[[ Information given, beginning ]]

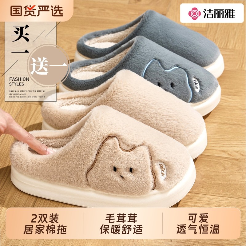 洁丽雅买一送一棉拖鞋女士冬季居家情侣一对保暖毛拖鞋男款冬厚底
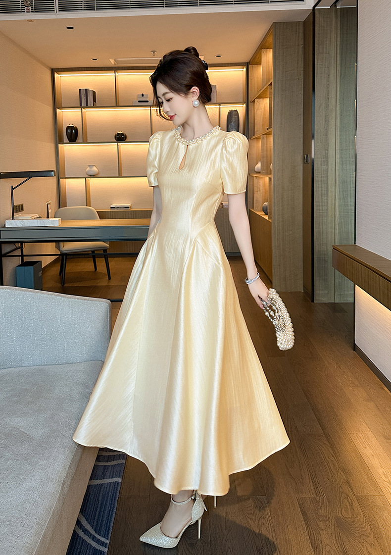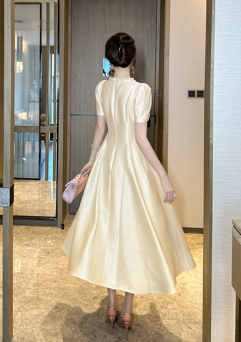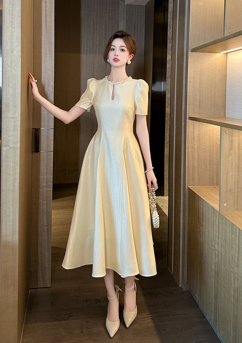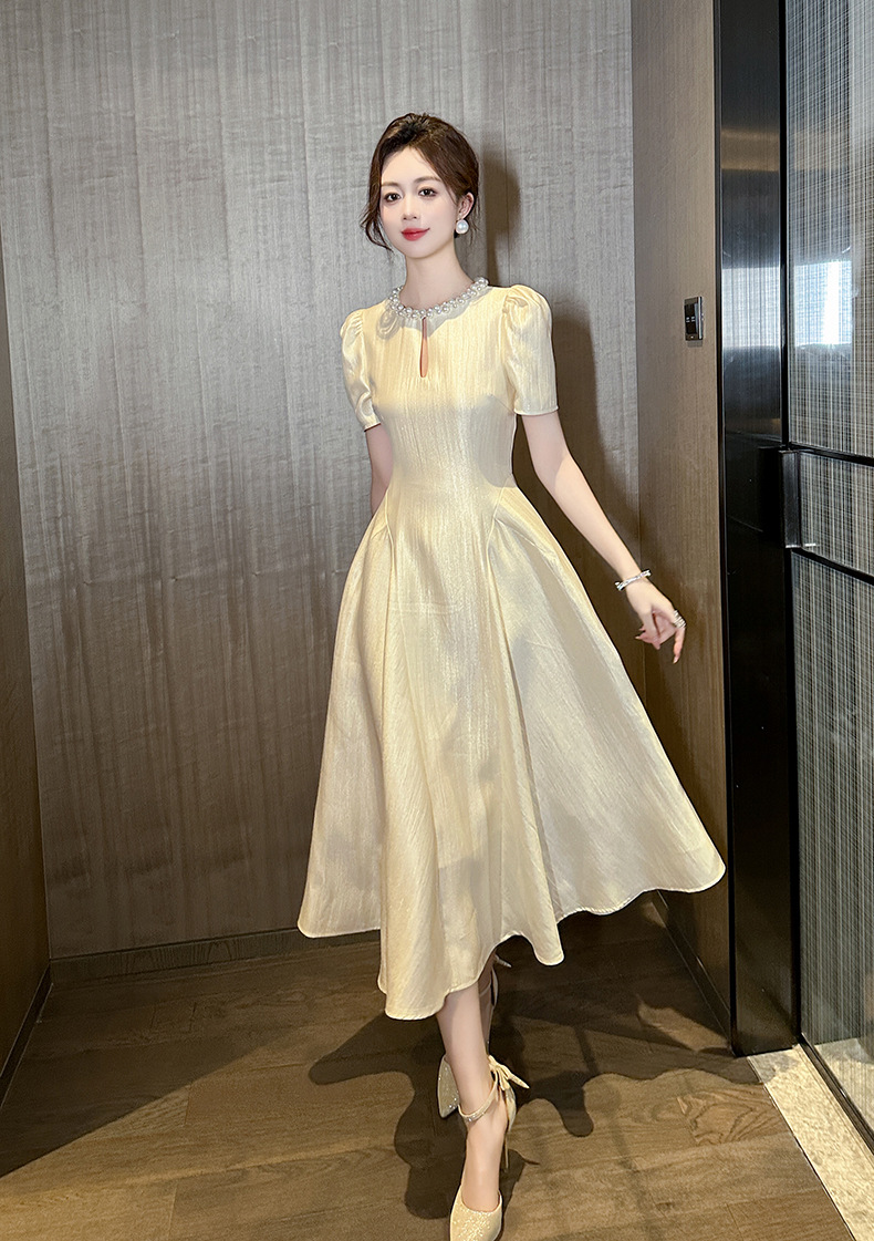 티 브레이크 롱 스커트 2025 여름 신작 여성 프랑스 스타일 라운드 넥 허리 드레이프 무릎 길이 드레스 80219
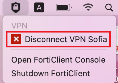 1. Press the tray icon, shown on the image below and click "Disconnect VPN Sofia":
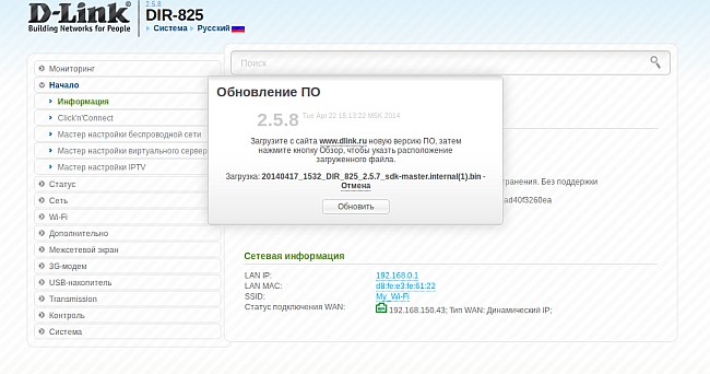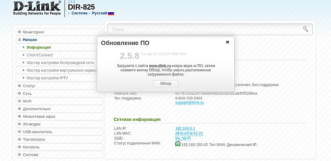 3. В верхней части страницы в разделе Система выберите Обновить ПО.
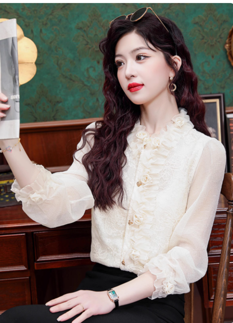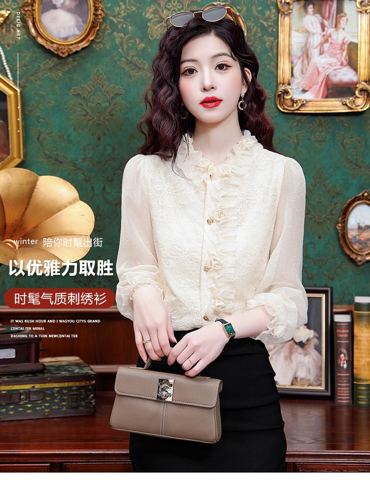 真絲襯衫女士長袖小衫洋氣2025春新款時尚刺繡桑蠶絲上衣
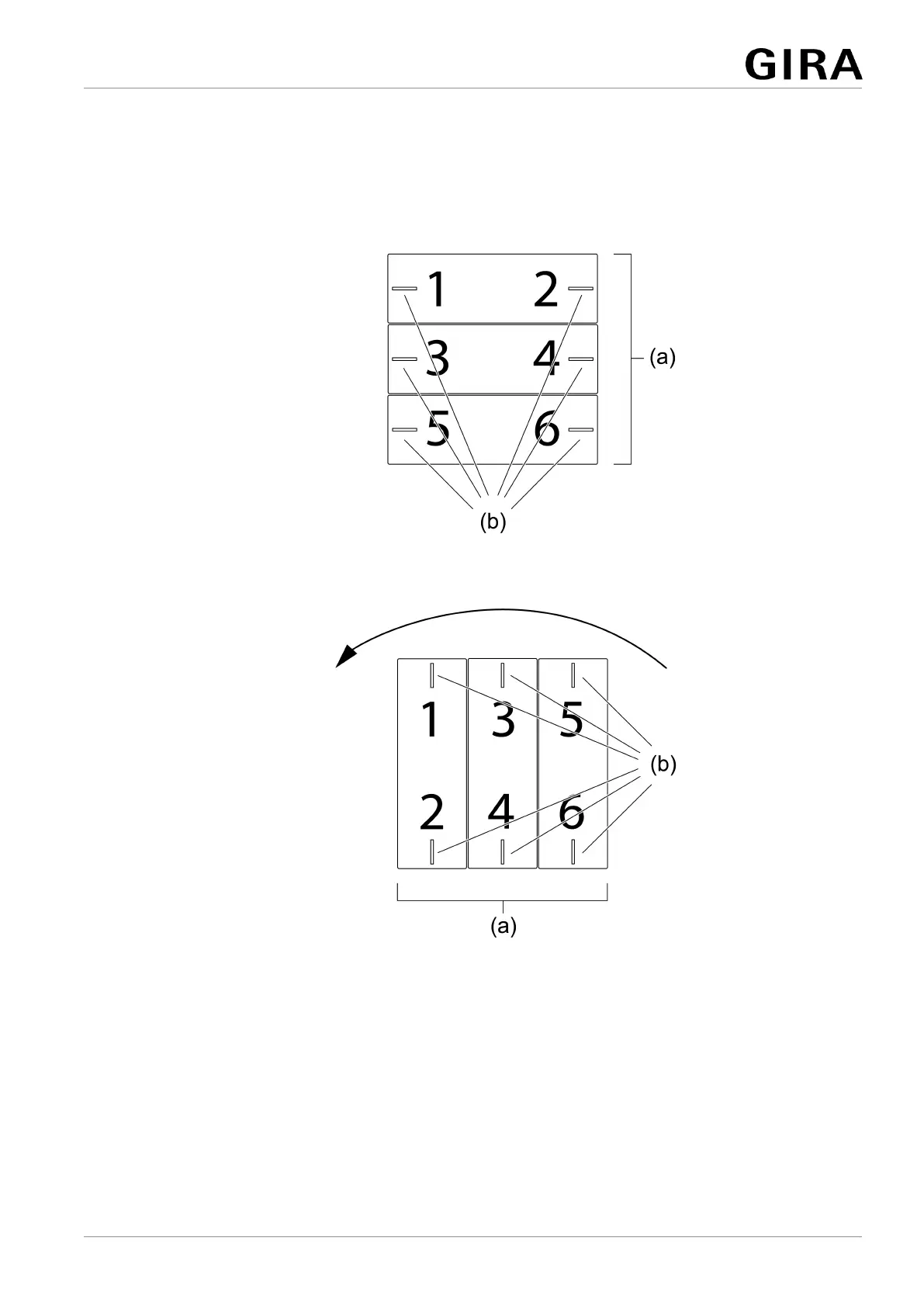 Figure2: Device components 3-gang (installation position "turned by -90°", vertical
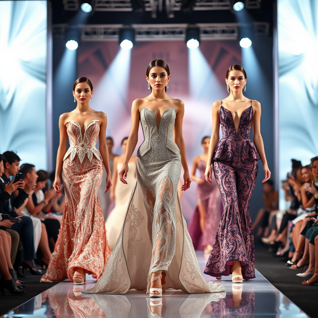 A glamorous display unfolds on the runway as models strut in breathtaking outfits, showcasing haute couture with intricate attention to the finest details. The catwalk gleams under bright spotlights, emphasizing the elegance and craftsmanship of each ensemble.
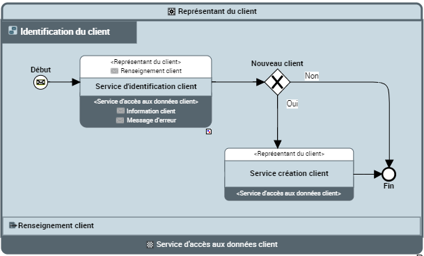 Le diagramme d'interface de service associé à l'interface de service “Identification du client” décrit, dans un formalisme BPMN, les opérations réalisées.
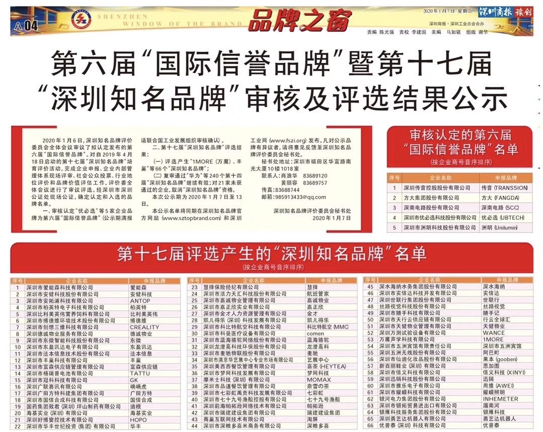近日,第十七届“深圳知名品牌”评审结果重磅揭晓,广电运通旗下信义科技成功入选。
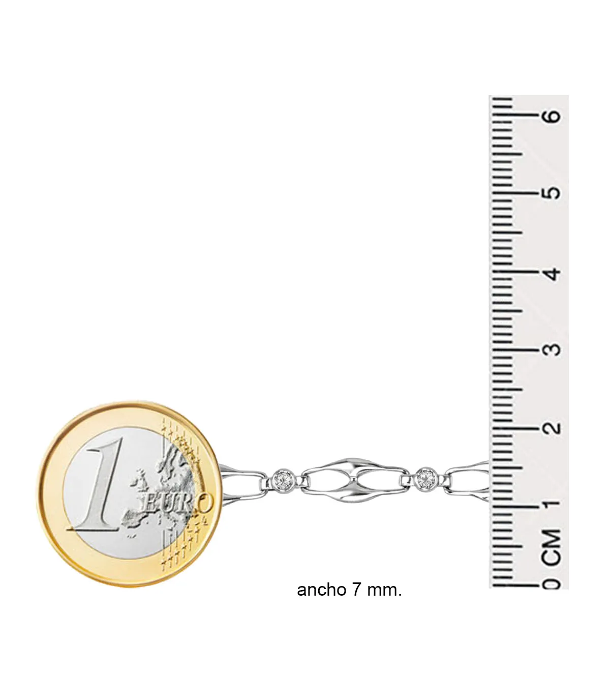 Esta pulsera de oro está fabricada en oro blanco de primera ley, garantizando un acabado impecable, duradero y resistente al paso del tiempo. El oro blanco aporta un brillo sofisticado y moderno que realza la luminosidad de los diamantes, creando una armonía visual perfecta.
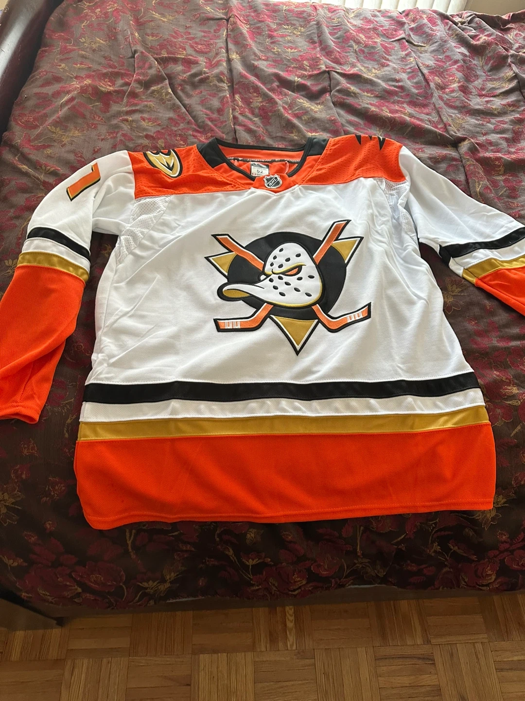 This is a replica hockey jersey for the Anaheim Ducks, featuring "ZEGRAS" and the number "11" on the back. It's the team's white home colourway with orange and black accents. This jersey is great for any Ducks fan!

[[ Information given, end ]]

Leaving aside the images, write out every entry above exactly.

### [Answer to this problem]
 洁丽雅买一送一棉拖鞋女士冬季居家情侣一对保暖毛拖鞋男款冬厚底
 티 브레이크 롱 스커트 2025 여름 신작 여성 프랑스 스타일 라운드 넥 허리 드레이프 무릎 길이 드레스 80219
 1. Press the tray icon, shown on the image below and click "Disconnect VPN Sofia":
 3. В верхней части страницы в разделе Система выберите Обновить ПО.
 真絲襯衫女士長袖小衫洋氣2025春新款時尚刺繡桑蠶絲上衣
 Figure2: Device components 3-gang (installation position "turned by -90°", vertical
 A glamorous display unfolds on the runway as models strut in breathtaking outfits, showcasing haute couture with intricate attention to the finest details. The catwalk gleams under bright spotlights, emphasizing the elegance and craftsmanship of each ensemble.
 Le diagramme d'interface de service associé à l'interface de service “Identification du client” décrit, dans un formalisme BPMN, les opérations réalisées.
近日,第十七届“深圳知名品牌”评审结果重磅揭晓,广电运通旗下信义科技成功入选。
 Esta pulsera de oro está fabricada en oro blanco de primera ley, garantizando un acabado impecable, duradero y resistente al paso del tiempo. El oro blanco aporta un brillo sofisticado y moderno que realza la luminosidad de los diamantes, creando una armonía visual perfecta.
 This is a replica hockey jersey for the Anaheim Ducks, featuring "ZEGRAS" and the number "11" on the back. It's the team's white home colourway with orange and black accents. This jersey is great for any Ducks fan!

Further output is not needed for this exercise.